Cortisol produced from the adrenal glands goes into the blood stream to the heart, lungs and metabolic system
Epinephrine released from adrenal glands into the blood due to fight or flight.
Paracrine signaling: when hormones bind to cells near the cells that released them (within the same organ or tissue).
Hormones released by paracrine signaling are often degraded or taken up rapidly.
An example of paracrine signaling is when Testosterone is secreted from the Leydig cells in and testes acts as a paracrine agent to stimulate spermatogenesis in the adjacent seminiferous tubules.
Autocrine signaling: when a hormone produces a biological effect on the same cell that has released it.
An example of autocrine signaling is the lining in a mammalian endometrium responds to oxytocin in an autocrine/paracrine manner to cause production of prostaglandins which cause uterine contractions.
Intracrine signaling: when a hormone is synthesized and acts within the same cell (does not leave the cell).

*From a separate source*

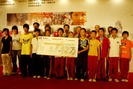 拍賣所得38.42萬元善款捐給少林寺慈幼院
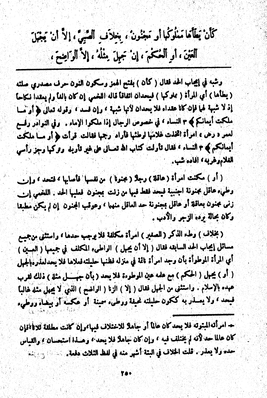 ـــــــــــــــــــــــــــــQوَشَبَّهَ فِي إيجَابِ الْحَدِّ فَقَالَ (كَأَنْ) بِفَتْحِ الْهَمْزِ وَسُكُونِ النُّونِ حَرْفٌ مَصْدَرِيٌّ صِلَتُهُ (يَطَأَهَا) أَيْ الْمَرْأَةَ (مَمْلُوكُهَا) فَيُحَدَّانِ اتِّفَاقًا قَالَهُ اللَّخْمِيُّ إنْ كَانَ بَالِغًا وَلَمْ يَعْقِدَا نِكَاحًا إذْ لَا شُبْهَةَ لَهُمَا فَإِنْ كَانَا عَقَدَاهُ فَلَا يُحَدَّانِ لِأَنَّهَا شُبْهَةٌ، وَإِنْ فَسَدَ وقَوْله تَعَالَى {أَوْ مَا مَلَكَتْ أَيْمَانُكُمْ} [النساء: 3] النِّسَاءَ، فِي خُصُوصِ الرِّجَالِ إذَا مَلَكُوا الْإِمَاءَ. وَفِي النَّوَادِرِ رُفِعَ لِعُمَرَ " - رَضِيَ اللَّهُ عَنْهُ - " امْرَأَةٌ اتَّخَذَتْ غُلَامَهَا لِوَطْئِهَا فَأَرَادَ رَجْمَهَا فَقَالَتْ قَرَأْت {أَوْ مَا مَلَكَتْ أَيْمَانُكُمْ} [النساء: 3] النِّسَاءَ، فَقَالَ تَأَوَّلْتِ كِتَابَ اللَّهِ تَعَالَى عَلَى غَيْرِ تَأْوِيلِهِ وَتَرَكَهَا وَجَزَّ رَأْسَ الْغُلَامِ وَغَرَّبَهُ، أَفَادَهُ شب.

An example of intracrine signaling is when precursor sex steroid hormones are synthesized and then are converted by enzymes to activate androgens/ estrogens which bind to receptors within the same cell.
Neuroendocrine signaling: a chemical is produced by a neuron or nervous tissue and is released into the bloodstream to act on another cell type.

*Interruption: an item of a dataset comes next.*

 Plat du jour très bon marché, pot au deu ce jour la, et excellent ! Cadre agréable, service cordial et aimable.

Neurohormone: when the cell at one end of the communication is not a neuron.
Neurotransmitter: when communication is a neuron on neuron.
Exocrine signaling: released externally to initiate response in to communication with another organism.
Examples of exocrine signaling is: pheromones released for identification within species, repelling predators, and reproductive attractants.
Types of pheromones:
Primer: cause change in the endocrine system of the receiving animal (menstrual synchrony)
Signaler: relays information (newborn able to smell its mother)
Modulator: Influences mood or emotion (andesternone in pigs)
Releaser: changes behavior (aggression, maternal behavior, suckling)
Hormones can be categorized into 4 main structures: Peptides and proteins, amino acids, steroids, and eicosanoids.
Peptides and proteins are amino acid based and constitutes most hormones.
Peptide and proteins are synthesized as preprohormones and undergo post-translational processing (enzymes cut away extras, possible further cutting after release). They are then held in vesicles which fuse with the cellular membrane and contents gets dumped outside of the cell.
Cells with type 1 diabetes will not produce C-peptides, whereas cells with type 2 diabetes produce the C-peptide, they do not response.
Peptide/protein hormones can be secreted by one of two pathways: regulated secretion and constitutive secretion.
Regulated secretion: stored in vesicles.